- _PROBLEM DESCRIPTION_: Could you restate the data below word for word, without its pictures?

(TASK INPUT Opens)

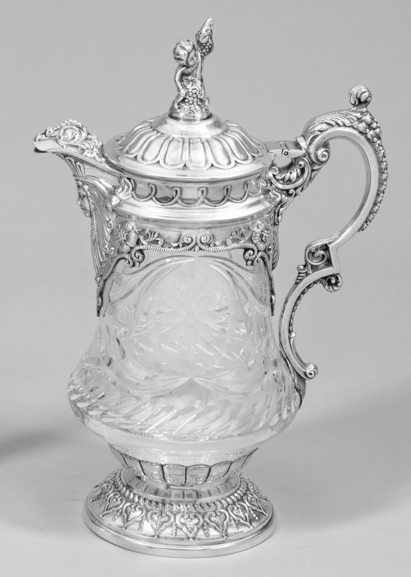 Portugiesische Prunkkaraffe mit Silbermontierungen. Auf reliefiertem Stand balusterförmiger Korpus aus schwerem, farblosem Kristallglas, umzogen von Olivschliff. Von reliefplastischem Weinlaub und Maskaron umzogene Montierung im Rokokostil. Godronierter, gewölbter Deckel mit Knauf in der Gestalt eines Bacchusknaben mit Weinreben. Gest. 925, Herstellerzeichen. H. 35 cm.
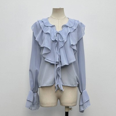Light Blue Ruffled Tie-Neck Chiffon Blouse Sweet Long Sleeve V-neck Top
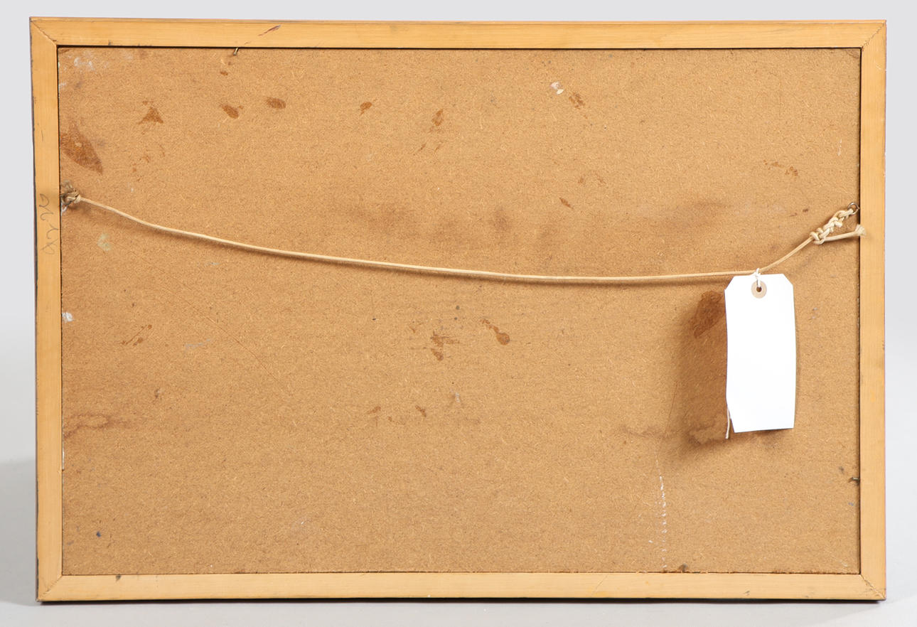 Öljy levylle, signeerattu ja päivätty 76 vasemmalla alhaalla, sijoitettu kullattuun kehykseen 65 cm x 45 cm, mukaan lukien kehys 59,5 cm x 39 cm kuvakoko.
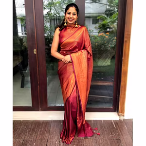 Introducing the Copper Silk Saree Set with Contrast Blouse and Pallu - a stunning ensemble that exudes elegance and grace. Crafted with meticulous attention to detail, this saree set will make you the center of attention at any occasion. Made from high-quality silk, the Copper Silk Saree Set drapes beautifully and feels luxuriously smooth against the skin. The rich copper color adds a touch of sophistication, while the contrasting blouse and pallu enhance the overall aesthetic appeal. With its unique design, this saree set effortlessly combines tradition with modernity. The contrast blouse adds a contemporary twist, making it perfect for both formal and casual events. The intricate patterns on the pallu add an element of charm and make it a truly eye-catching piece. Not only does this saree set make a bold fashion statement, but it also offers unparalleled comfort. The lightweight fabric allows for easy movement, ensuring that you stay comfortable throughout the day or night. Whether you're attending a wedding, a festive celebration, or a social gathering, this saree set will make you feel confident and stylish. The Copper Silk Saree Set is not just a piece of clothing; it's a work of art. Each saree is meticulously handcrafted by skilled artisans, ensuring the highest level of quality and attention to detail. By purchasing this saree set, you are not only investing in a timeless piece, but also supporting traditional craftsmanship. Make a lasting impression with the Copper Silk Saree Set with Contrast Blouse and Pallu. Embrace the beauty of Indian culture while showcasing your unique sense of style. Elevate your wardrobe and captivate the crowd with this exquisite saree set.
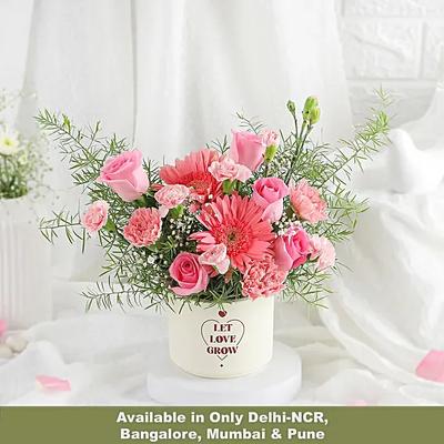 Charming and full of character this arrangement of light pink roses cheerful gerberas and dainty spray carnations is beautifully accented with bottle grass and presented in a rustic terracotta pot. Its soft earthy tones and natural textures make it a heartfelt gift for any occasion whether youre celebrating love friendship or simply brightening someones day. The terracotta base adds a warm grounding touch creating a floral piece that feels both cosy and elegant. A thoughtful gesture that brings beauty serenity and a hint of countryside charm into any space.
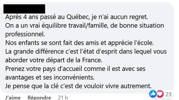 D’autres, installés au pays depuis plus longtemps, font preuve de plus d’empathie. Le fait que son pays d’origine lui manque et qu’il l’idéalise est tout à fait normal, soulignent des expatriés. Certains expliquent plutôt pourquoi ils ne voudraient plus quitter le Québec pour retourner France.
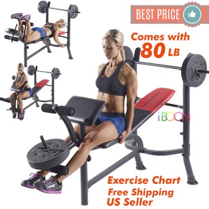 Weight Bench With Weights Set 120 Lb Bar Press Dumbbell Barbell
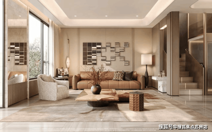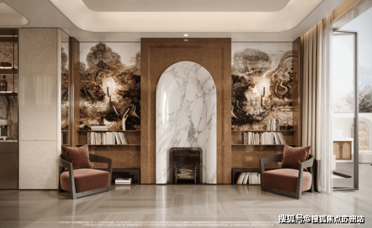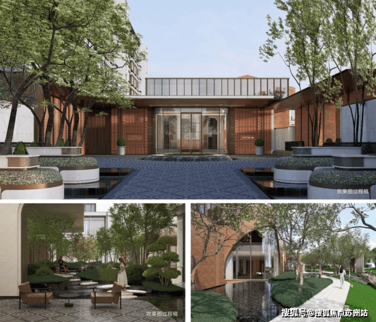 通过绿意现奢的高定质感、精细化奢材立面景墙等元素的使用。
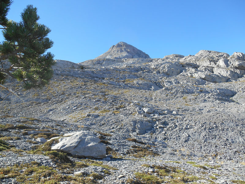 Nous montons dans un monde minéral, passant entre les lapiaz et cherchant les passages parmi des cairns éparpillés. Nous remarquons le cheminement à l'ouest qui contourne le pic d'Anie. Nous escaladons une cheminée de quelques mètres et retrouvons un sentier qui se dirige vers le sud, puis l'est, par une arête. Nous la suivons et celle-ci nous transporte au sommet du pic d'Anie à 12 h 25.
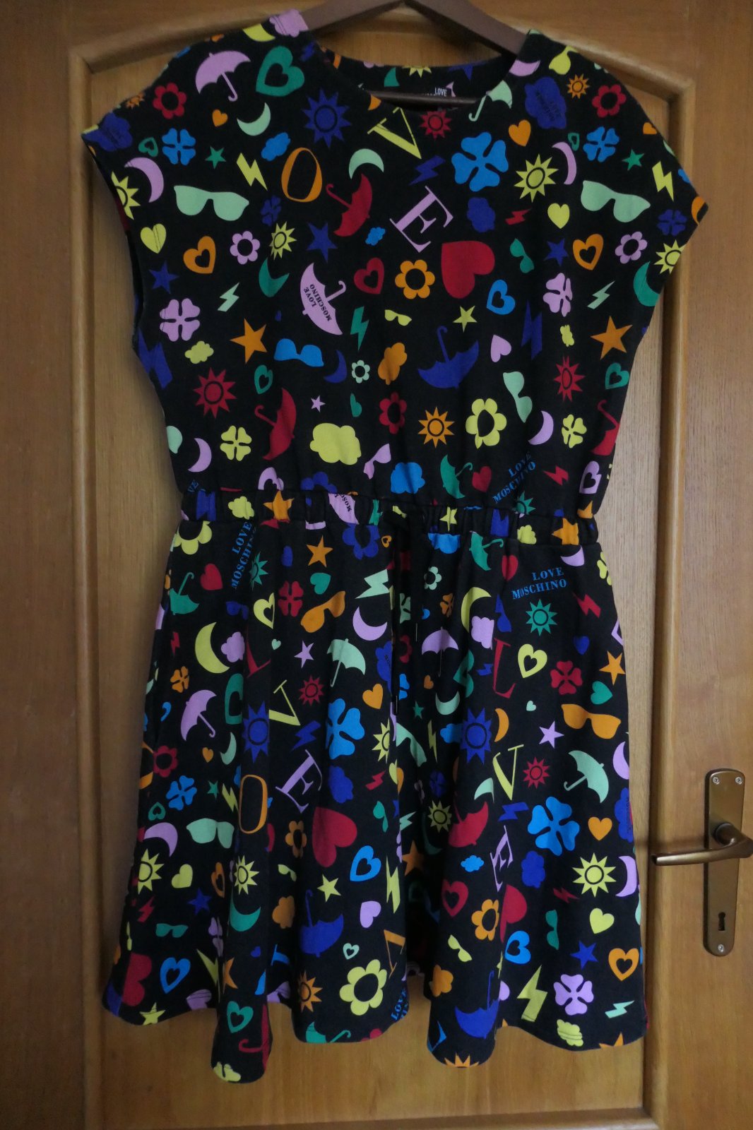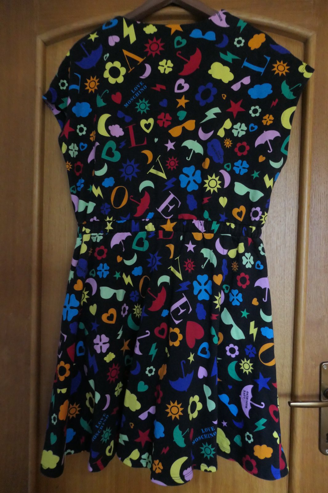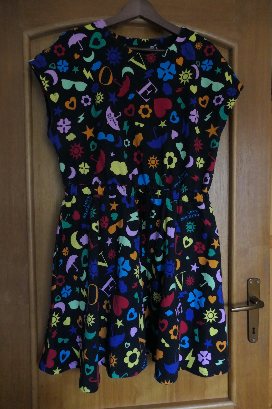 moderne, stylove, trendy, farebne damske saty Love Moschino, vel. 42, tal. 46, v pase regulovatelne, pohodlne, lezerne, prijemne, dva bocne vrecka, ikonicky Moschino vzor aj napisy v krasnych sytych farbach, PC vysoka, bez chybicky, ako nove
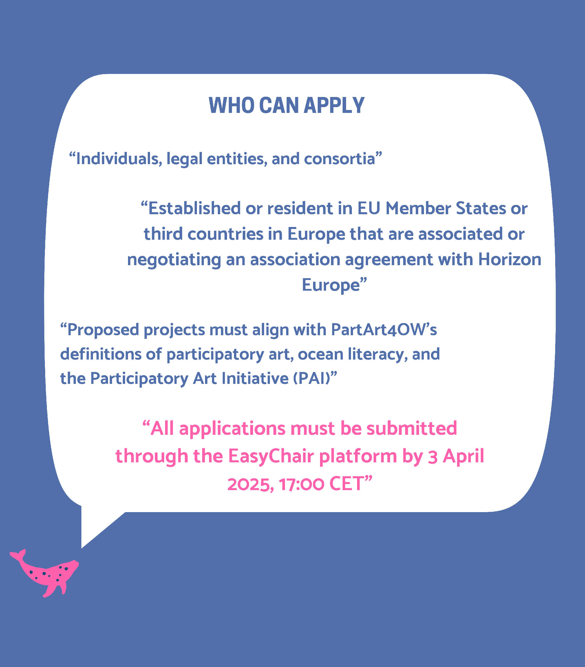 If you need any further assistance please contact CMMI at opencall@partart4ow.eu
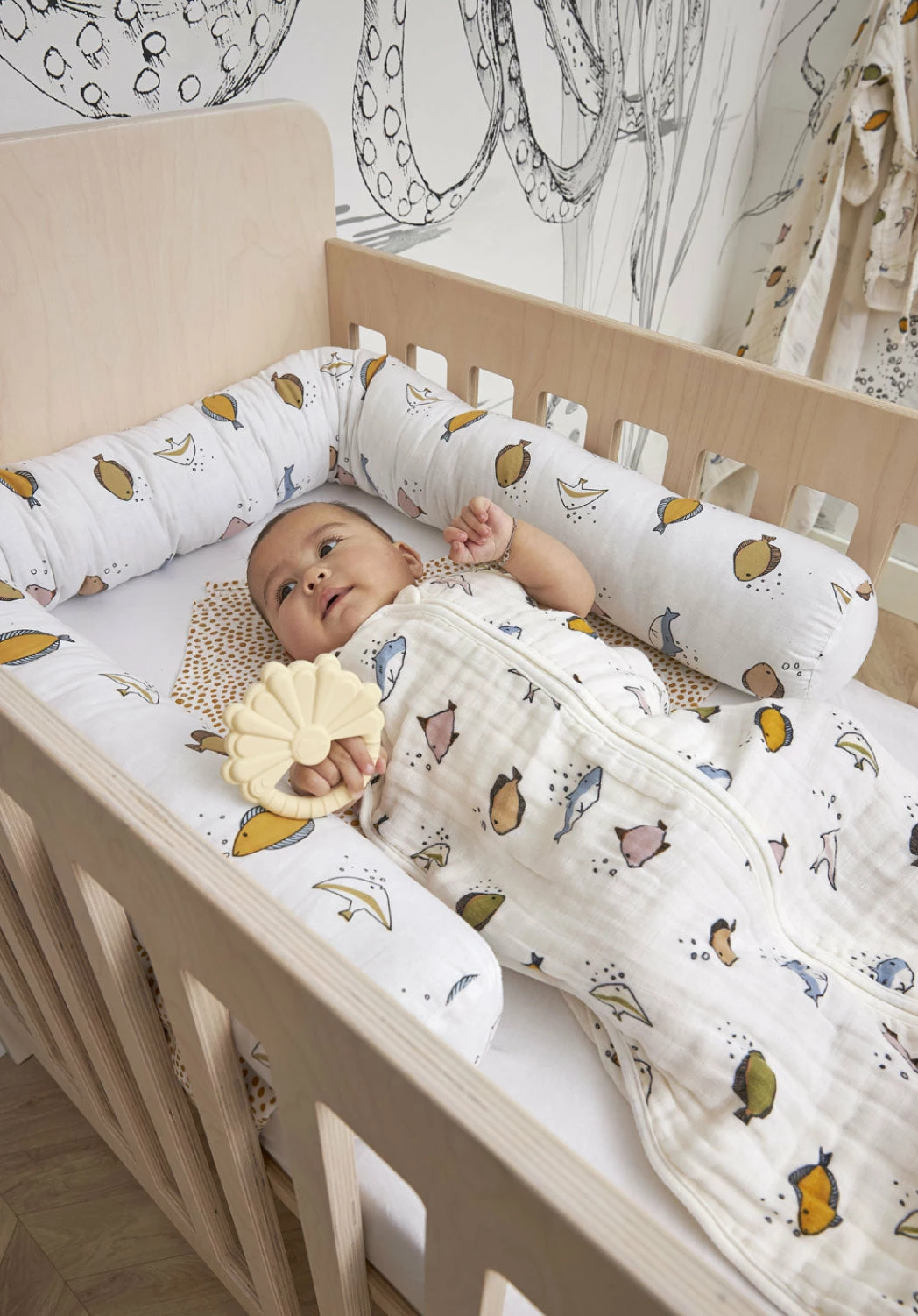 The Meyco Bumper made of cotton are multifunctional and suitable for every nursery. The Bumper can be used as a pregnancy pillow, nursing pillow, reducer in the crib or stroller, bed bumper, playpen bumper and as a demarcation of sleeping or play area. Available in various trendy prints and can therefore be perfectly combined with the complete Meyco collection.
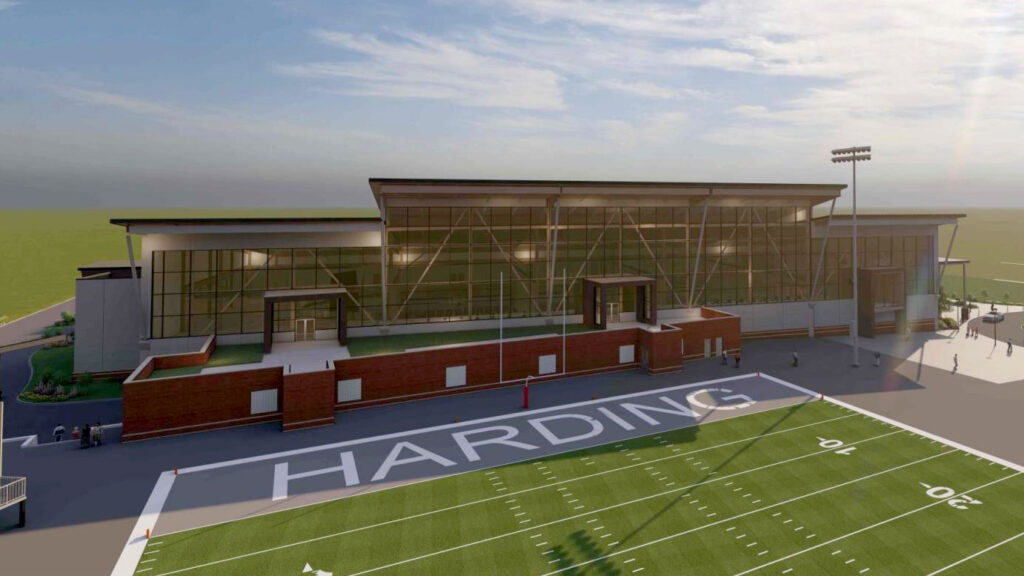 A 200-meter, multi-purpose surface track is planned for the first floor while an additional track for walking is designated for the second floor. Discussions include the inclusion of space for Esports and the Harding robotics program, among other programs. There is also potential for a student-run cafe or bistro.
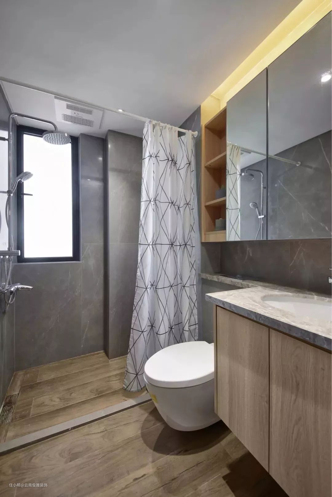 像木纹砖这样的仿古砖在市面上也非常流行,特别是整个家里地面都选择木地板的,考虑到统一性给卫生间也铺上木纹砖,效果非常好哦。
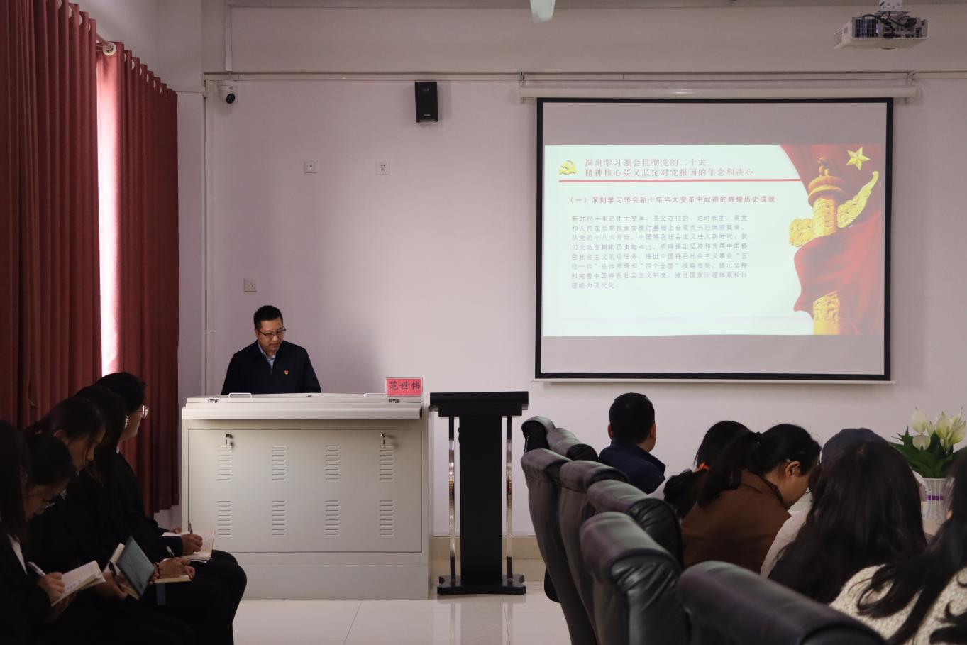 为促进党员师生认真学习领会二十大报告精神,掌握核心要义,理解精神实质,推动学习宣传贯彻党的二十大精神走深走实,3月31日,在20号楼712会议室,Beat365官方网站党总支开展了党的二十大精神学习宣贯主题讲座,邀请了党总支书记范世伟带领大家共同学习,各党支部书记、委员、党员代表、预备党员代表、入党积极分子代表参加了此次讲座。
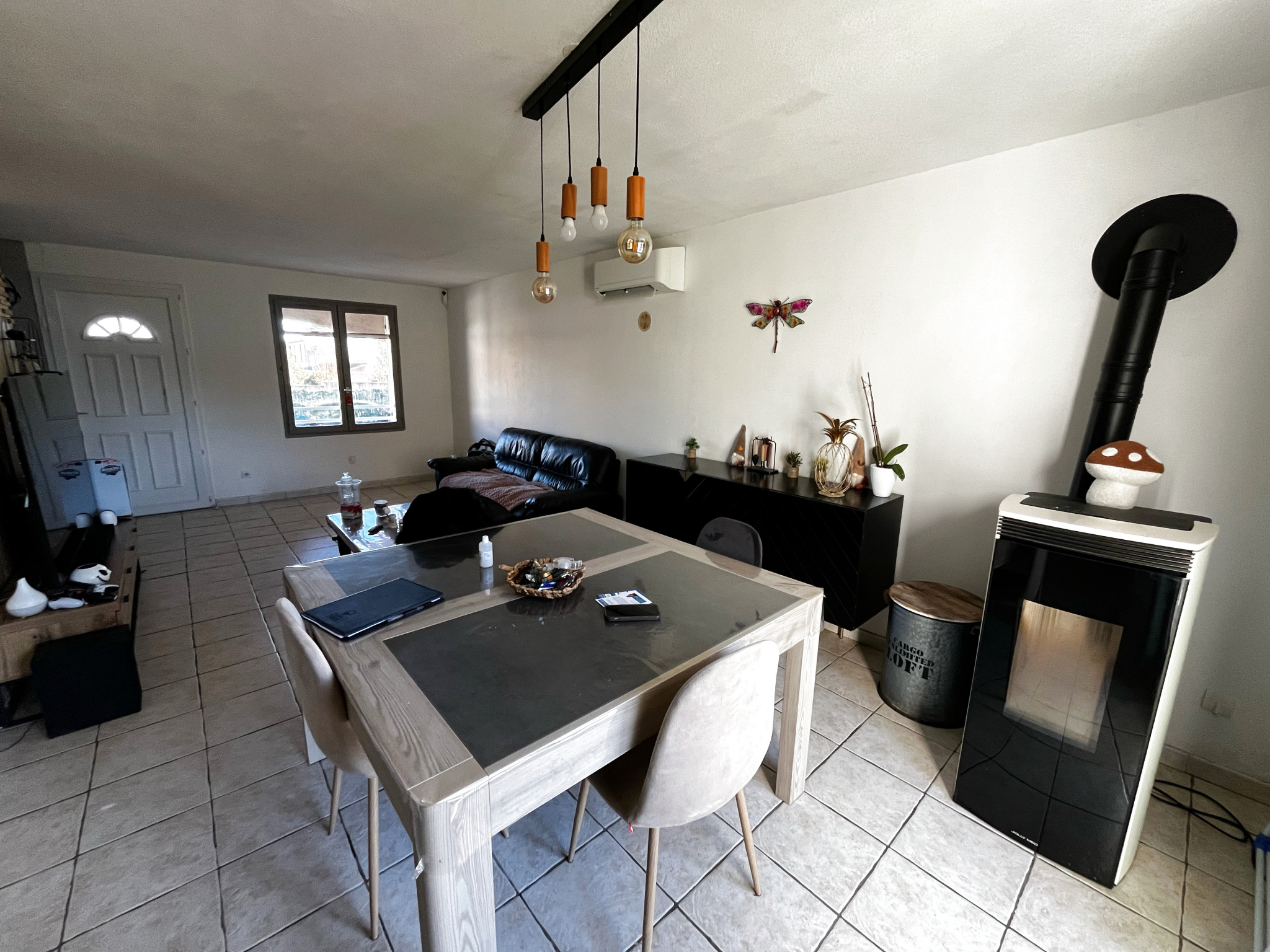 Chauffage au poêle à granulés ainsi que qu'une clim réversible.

(TASK INPUT Closes)

- _ANSWER FOR THIS EXERCISE_:
 Portugiesische Prunkkaraffe mit Silbermontierungen. Auf reliefiertem Stand balusterförmiger Korpus aus schwerem, farblosem Kristallglas, umzogen von Olivschliff. Von reliefplastischem Weinlaub und Maskaron umzogene Montierung im Rokokostil. Godronierter, gewölbter Deckel mit Knauf in der Gestalt eines Bacchusknaben mit Weinreben. Gest. 925, Herstellerzeichen. H. 35 cm.
Light Blue Ruffled Tie-Neck Chiffon Blouse Sweet Long Sleeve V-neck Top
 Öljy levylle, signeerattu ja päivätty 76 vasemmalla alhaalla, sijoitettu kullattuun kehykseen 65 cm x 45 cm, mukaan lukien kehys 59,5 cm x 39 cm kuvakoko.
 Introducing the Copper Silk Saree Set with Contrast Blouse and Pallu - a stunning ensemble that exudes elegance and grace. Crafted with meticulous attention to detail, this saree set will make you the center of attention at any occasion. Made from high-quality silk, the Copper Silk Saree Set drapes beautifully and feels luxuriously smooth against the skin. The rich copper color adds a touch of sophistication, while the contrasting blouse and pallu enhance the overall aesthetic appeal. With its unique design, this saree set effortlessly combines tradition with modernity. The contrast blouse adds a contemporary twist, making it perfect for both formal and casual events. The intricate patterns on the pallu add an element of charm and make it a truly eye-catching piece. Not only does this saree set make a bold fashion statement, but it also offers unparalleled comfort. The lightweight fabric allows for easy movement, ensuring that you stay comfortable throughout the day or night. Whether you're attending a wedding, a festive celebration, or a social gathering, this saree set will make you feel confident and stylish. The Copper Silk Saree Set is not just a piece of clothing; it's a work of art. Each saree is meticulously handcrafted by skilled artisans, ensuring the highest level of quality and attention to detail. By purchasing this saree set, you are not only investing in a timeless piece, but also supporting traditional craftsmanship. Make a lasting impression with the Copper Silk Saree Set with Contrast Blouse and Pallu. Embrace the beauty of Indian culture while showcasing your unique sense of style. Elevate your wardrobe and captivate the crowd with this exquisite saree set.
 Charming and full of character this arrangement of light pink roses cheerful gerberas and dainty spray carnations is beautifully accented with bottle grass and presented in a rustic terracotta pot. Its soft earthy tones and natural textures make it a heartfelt gift for any occasion whether youre celebrating love friendship or simply brightening someones day. The terracotta base adds a warm grounding touch creating a floral piece that feels both cosy and elegant. A thoughtful gesture that brings beauty serenity and a hint of countryside charm into any space.
 D’autres, installés au pays depuis plus longtemps, font preuve de plus d’empathie. Le fait que son pays d’origine lui manque et qu’il l’idéalise est tout à fait normal, soulignent des expatriés. Certains expliquent plutôt pourquoi ils ne voudraient plus quitter le Québec pour retourner France.
 Weight Bench With Weights Set 120 Lb Bar Press Dumbbell Barbell
 通过绿意现奢的高定质感、精细化奢材立面景墙等元素的使用。
 Nous montons dans un monde minéral, passant entre les lapiaz et cherchant les passages parmi des cairns éparpillés. Nous remarquons le cheminement à l'ouest qui contourne le pic d'Anie. Nous escaladons une cheminée de quelques mètres et retrouvons un sentier qui se dirige vers le sud, puis l'est, par une arête. Nous la suivons et celle-ci nous transporte au sommet du pic d'Anie à 12 h 25.
 moderne, stylove, trendy, farebne damske saty Love Moschino, vel. 42, tal. 46, v pase regulovatelne, pohodlne, lezerne, prijemne, dva bocne vrecka, ikonicky Moschino vzor aj napisy v krasnych sytych farbach, PC vysoka, bez chybicky, ako nove
 If you need any further assistance please contact CMMI at opencall@partart4ow.eu
 The Meyco Bumper made of cotton are multifunctional and suitable for every nursery. The Bumper can be used as a pregnancy pillow, nursing pillow, reducer in the crib or stroller, bed bumper, playpen bumper and as a demarcation of sleeping or play area. Available in various trendy prints and can therefore be perfectly combined with the complete Meyco collection.
 A 200-meter, multi-purpose surface track is planned for the first floor while an additional track for walking is designated for the second floor. Discussions include the inclusion of space for Esports and the Harding robotics program, among other programs. There is also potential for a student-run cafe or bistro.
 像木纹砖这样的仿古砖在市面上也非常流行,特别是整个家里地面都选择木地板的,考虑到统一性给卫生间也铺上木纹砖,效果非常好哦。
 为促进党员师生认真学习领会二十大报告精神,掌握核心要义,理解精神实质,推动学习宣传贯彻党的二十大精神走深走实,3月31日,在20号楼712会议室,Beat365官方网站党总支开展了党的二十大精神学习宣贯主题讲座,邀请了党总支书记范世伟带领大家共同学习,各党支部书记、委员、党员代表、预备党员代表、入党积极分子代表参加了此次讲座。
 Chauffage au poêle à granulés ainsi que qu'une clim réversible.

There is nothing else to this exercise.